Required Qualifications
- Bachelor’s degree in Computer Science, Engineering, Information Systems, or related discipline (Master’s degree preferred).
- Minimum of 5 years in data, platform, software, or cloud engineering roles.
- At least 3 years’ experience managing technical teams in dynamic technology settings.
- Hands-on expertise with modern cloud data platforms such as Databricks, dbt, Google Cloud Platform, BigQuery, Snowflake.
- In-depth knowledge of data ingestion, modeling, orchestration, CI/CD pipelines, data quality, and production operations.
- Proven ability to construct reusable engineering frameworks and developer enablement tools.
- Strong grasp of observability principles, including monitoring, alerting, logging, telemetry, and incident management.
- Experience leading migration or modernization of legacy ETL platforms, data infrastructures, or reporting ecosystems.
- Solid software engineering foundations: version control, automated testing, deployment automation, code reviews.
- Excellent communication skills facilitating collaboration with architects, product teams, analytics teams, SREs, cloud engineers, and business partners.
- Background in SaaS, enterprise software, or cloud-native environments is desirable.
- Additional familiarity with FinOps or cloud cost management is a bonus.
- Preferred skills: Python, SQL, dbt, Databricks, and Google Cloud Platform.
Success Indicators
- Accelerated onboarding of new data sources using standardized ingestion frameworks.
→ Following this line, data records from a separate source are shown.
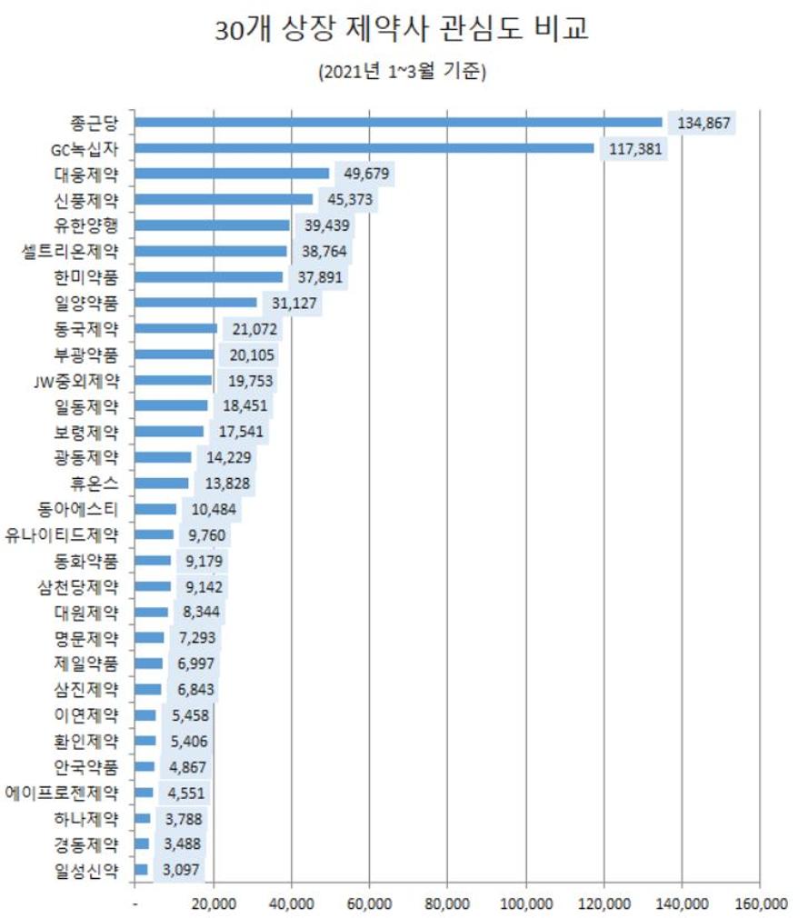 올해 1분기 증시에 상장된 주요 30개 제약사 중 종근당에 대한 관심도가 가장 높았으며, GC녹십자, 대웅제약, 신풍제약이 그 뒤를 이었다.
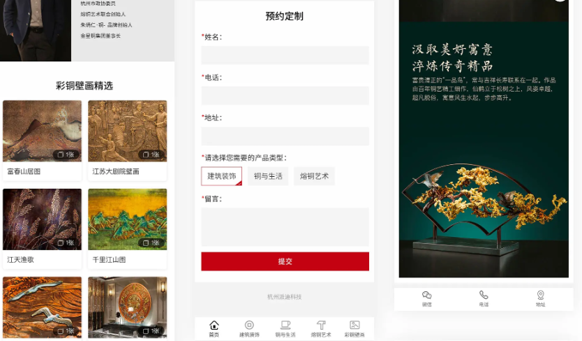 設置了簡(jiǎn)潔明了的“預約定制”表單,分類(lèi)清晰(頂級定制 / 銅藝生活 / 彩銅壁畫(huà)等),便于用戶(hù)快速選擇和提交需求,形成線(xiàn)索收集。
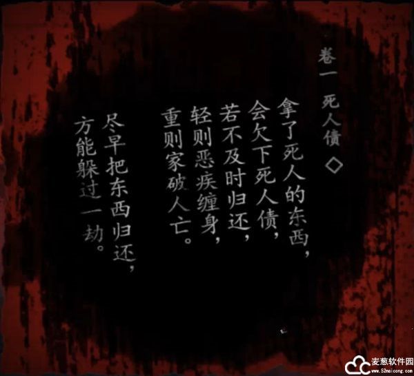 往回走,见到神秘女子,左边的路走不通,回头往右发现棺材挡住了路,再往左走发现又被花圈挡住了路。调查烟酒副食店,出现写满“债”字的遗像
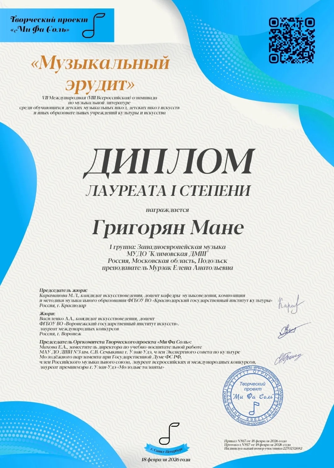 Поздравляем ученицу Мане Григорян с победой в двух дистанционных конкурсах
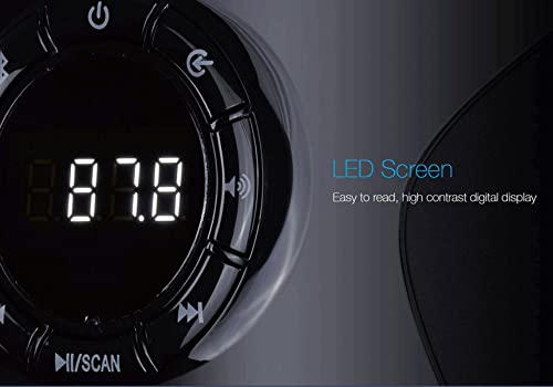 Bright white LED display with good view angle, Full, clear sound with powerful bass
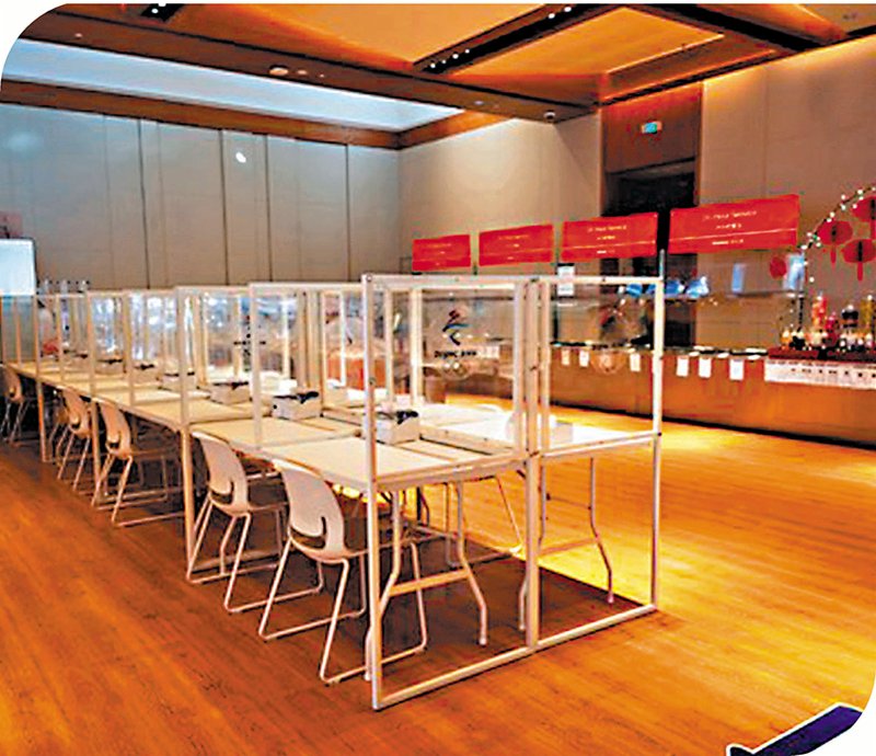 在運動員餐廳,不僅餐桌高度、容膝空間及桌椅物品布局擺放充分考慮了輪椅使用者的需求,還專門預留輪椅餐位46個,升高桌椅的高度,便於坐輪椅就餐。同時,餐廳還降低了食品飲料桌、手消機、餐具台、垃圾台等高度,以方便輪椅使用者自助服務。
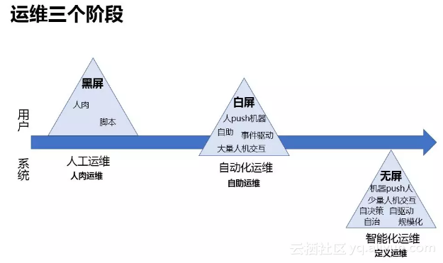第一阶段:黑屏,三角形是代表整个运维给用户的一些体感或者给研发的体感,人工运维,目前很多企业可能还是这样。
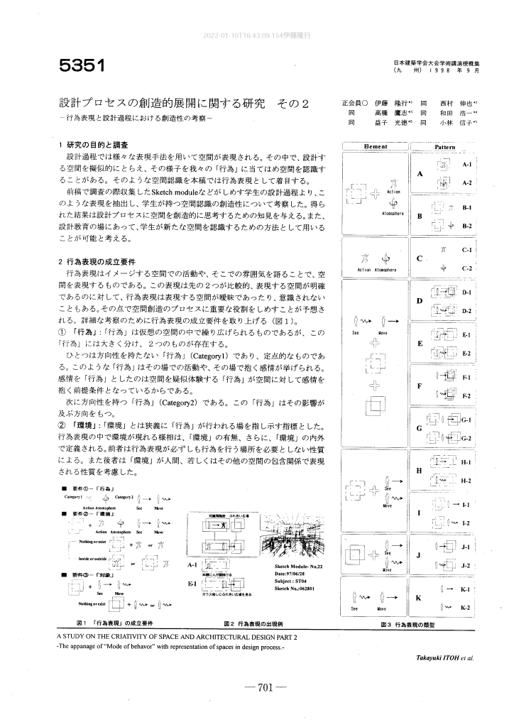 学生の設計プロセスを研究対象とし、設計過程が創造的な方向に向かう場面の特性を分析した。設計過程で様々な見方で設計対象を表現するタイミングが存在し、そのようなタイミングにおいて、厳密に定義できない「仮想行為」が様々な環境や設計対象を認識させる具体的なきっかけになっている様相を明らかにした。
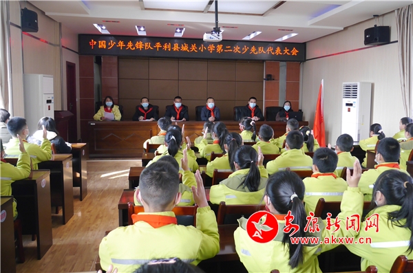 會上,上屆少工委代表向大會作報(bào)告,會議選舉產(chǎn)生了平利縣城關(guān)小學(xué)第二屆少工委委員、主任和副主任,新當(dāng)選的少工委委員代表進(jìn)行講話。大會完成各項(xiàng)任務(wù)后,少先隊(duì)員們呼號,全體代表再一次向隊(duì)旗敬禮后,儀式結(jié)束。
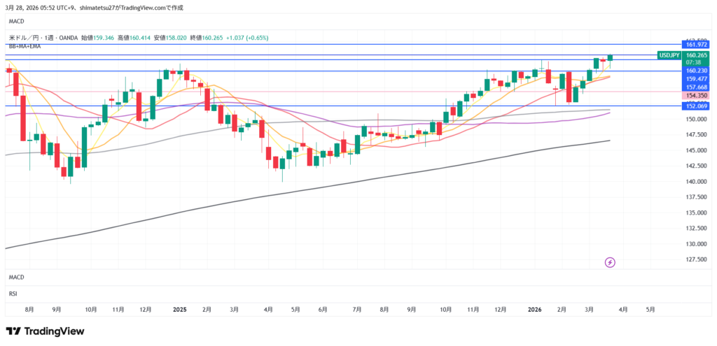 ドル円の週足。3月23日の週は下ヒゲが長い陰線。先週は4週連続の上昇が止まりましたがまた上昇。2025年1月から4月後半まで下落、その後上昇、2026年1月より下落傾向でしたが2月中旬から上昇。2月下旬に米・イラン戦争が勃発しました。
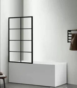10mm Glass Fixed & Swing Panels Hinged Bath Screen – Matt Black

- Standardization and simplification of Databricks, dbt, and deployment workflows.
- Effective progress toward retiring legacy platforms within agreed timelines.
- Enhanced operational reliability enabled by improved data and cloud observability capabilities.
- Quicker detection and resolution of platform incidents.
- Reduced friction in delivery workflows related to permissions, environments, CI/CD, and dependencies.
- Consistent enforcement of architectural standards without compromising delivery speed.
- Faster, more dependable delivery of analytics, AI, data products, and integrations witnessed by stakeholders.
Technologies Utilized
- Cloud platforms: Google Cloud Platform, Microsoft Azure, Databricks
- Data engineering: Python, SQL, dbt
- Data stores: BigQuery, Snowflake, Postgres, SQL Server, Databricks
- BI & analytics tools: Power BI, Looker
- Orchestration and CI/CD: GitHub Actions, Airflow, various CI/CD pipelines
- Observability tools: Datadog, Grafana, Logstash, cloud telemetry
- Infrastructure automation: Terraform, Ansible
- Development tools: Visual Studio Code, Git, Bitbucket/Stash, Jira, Confluence
- Integration approach: GCP-native Python-based integration patterns
Company Culture and Benefits
Kinaxis emphasizes culture, technology, innovation, and customer focus balanced with a lighthearted environment. The company prioritizes social responsibility including diversity, equity, inclusion efforts, unconscious bias training, and sustainability via a net-zero operations goal. Kinaxis actively contributes to community causes.
Employee perks (varies by location) include flexible vacation and company-wide days off, flexible remote work options, mental and physical wellness programs, virtual fitness classes, mentorship programs, ongoing career development, recognition programs, referral rewards, and hackathons.
Accommodation and Inclusion
The recruitment process is inclusive and accessible. Kinaxis offers accommodations for candidates with specific needs or disabilities upon request to ensure fairness. Contacts for accommodation requests are provided exclusively for accessibility purposes.